Burbujas en la testa del sabio

Julio César Londoño
11 de mayo de 2019 - 05:00 a. m.

La noticia se ha mantenido en secreto: Rodolfo Llinás está loco. Nadie lo dice pero todo el mundo lo piensa. Conspira a su favor la reputación de agudísimo neurocientífico; sus investigaciones con cerebros de tiburones, sapos, chimpancés, cocodrilos, aves, gatos, delfines y hombres que lo convirtieron en la primera autoridad mundial del cerebelo; el íntimo conocimiento de las neuronas motoras; los trabajos con la NASA sobre el pensamiento en gravedad cero; las investigaciones sobre la electrofisiología de la función sináptica; la audaz afirmación de que el “yo” no existe, que es solo un modelo que el cerebro construye para darnos una ilusión de permanencia, de identidad.

Aunque es una de las cuatro personas que mejor conocen los misterios de la mente, no ha podido escapar a la maldición de la neurología, “esa ciencia que lo sabe casi todo sobre la estructura del cerebro y casi nada sobre su funcionamiento”.

Los primeros síntomas de la locura de Llinás se manifestaron hace varios años. La conciencia, dijo sin inmutarse, está formada por unos osciladores eléctricos situados en la oliva inferior, un núcleo celular en la parte inferior del tallo cerebral, donde nacen las fibras trepadoras que ascienden al cerebelo.

Un poco más, y Rodolfo se toma una selfie con su conciencia.

Nota: los neurocientíficos son lunáticos irredentos. Si el psiquiatra es un Quijote que lucha con fantasmas, el neurocientífico es un sujeto empeñado en fotografiarlos.

Aunque es una entidad muy arisca, incluso para la semántica, los psicólogos definen la conciencia como otra vuelta de tuerca de la mente, una facultad que nos permite saber que sabemos, que somos.

Los pitagóricos la ubicaban generalmente “a lo diagonal del alma”.

Luego del episodio olivo-oscilante, Llinás tuvo un rapto de lucidez: la conciencia, dijo, es una función del cerebro, como la mente, y está en todo el cuerpo.

Pero al poco tiempo recayó y se enamoró del agua, en especial de las aguas procesadas con altas concentraciones de energía para crear burbujas de vacío e inyectarles oxígeno.
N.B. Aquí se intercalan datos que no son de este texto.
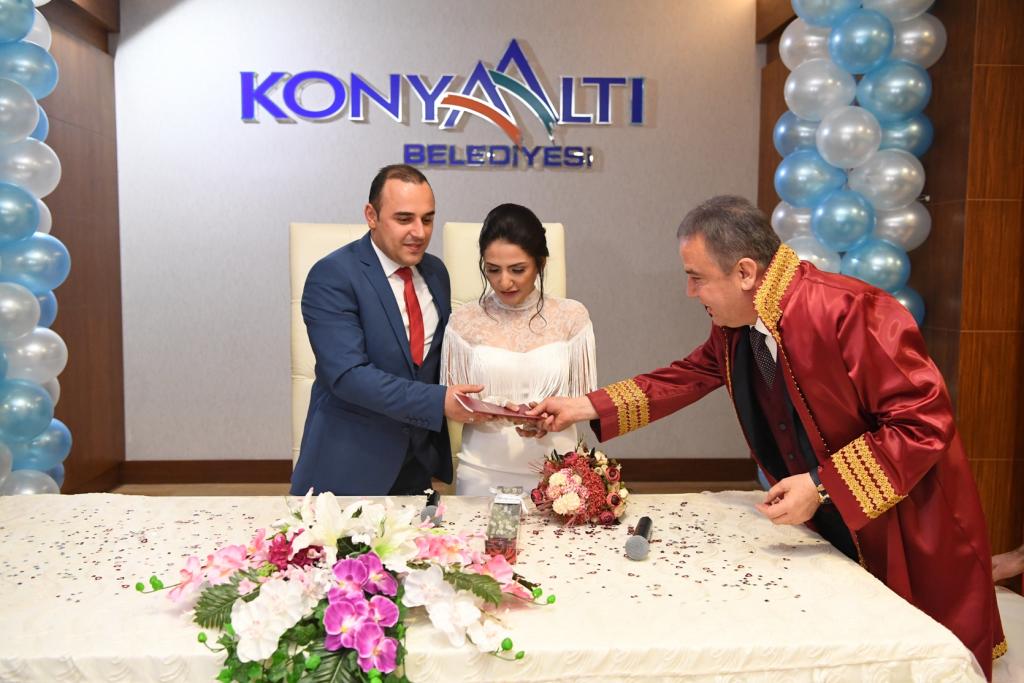 Konyaaltı Belediyesi, 14 Şubat Sevgililer Günü evlenmek için müracaatta bulunan çiftlere sürpriz hazırladı. Konyaaltı Belediye Başkanı Muhittin Böcek’in talimatıyla nikah akdinin gerçekleştirildiği Konyaaltı Belediyesi Feslikan Salonu balonlarla süslendi. Balonlardan oluşan kalplerin altında bol bol fotoğraf çekinen genç çiftler özel günlerini ölümsüzleştirmeyi de unutmadı.

Tomar este elíxir, aseguraba, potenciaría las funciones inmunológicas de las células, hecho que le permitiría a la ciencia luchar con buenas posibilidades contra el alzhéimer, el párkinson, la esclerosis múltiple y el asma, e incluso contra la mismísima vejez.

En suma, las “nanoburbujas” eran algo mucho más poderoso que la mezcla del ajo, el limón y la fe.

La noticia resonó en los periódicos en 2013 y 2014, y una multinacional farmacéutica colombiana se interesó en el proyecto. Al fin y al cabo, era Llinás el que lo proponía y lo sustentaba con argumentos sobre el fortalecimiento de las membranas celulares y mostrando la serenidad que producían las nanoburbujas en un acuario lleno de pececitos rojos.

Un neurólogo que estuvo en la presentación del proyecto en Bogotá me asegura que el sabio se molestó cuando le preguntaron si las nanoburbujas ya habían sido experimentadas con otras especies animales. Estoy seguro de que Llinás pensó: “No, hombre, a eso vengo, a experimentar con rolos”. Pero se contuvo y se retiró muy airado del recinto con su acuario debajo del brazo.

Desde entonces, no ha vuelto a mencionar el tema. La multinacional tampoco.

Nota final: estamos en el futuro. Buscar la inmortalidad física no es un sueño demasiado ambicioso. Google está invirtiendo miles de millones de dólares en investigaciones encaminadas a vencer la muerte. No nos extrañemos si logran estirar mucho más allá del siglo la esperanza de vida (al menos la esperanza de los multimillonarios) echando mano de procedimientos tan sofisticados como las terapias genéticas, y algunos elíxires caros, como agua con burbujas y cristales de sábila.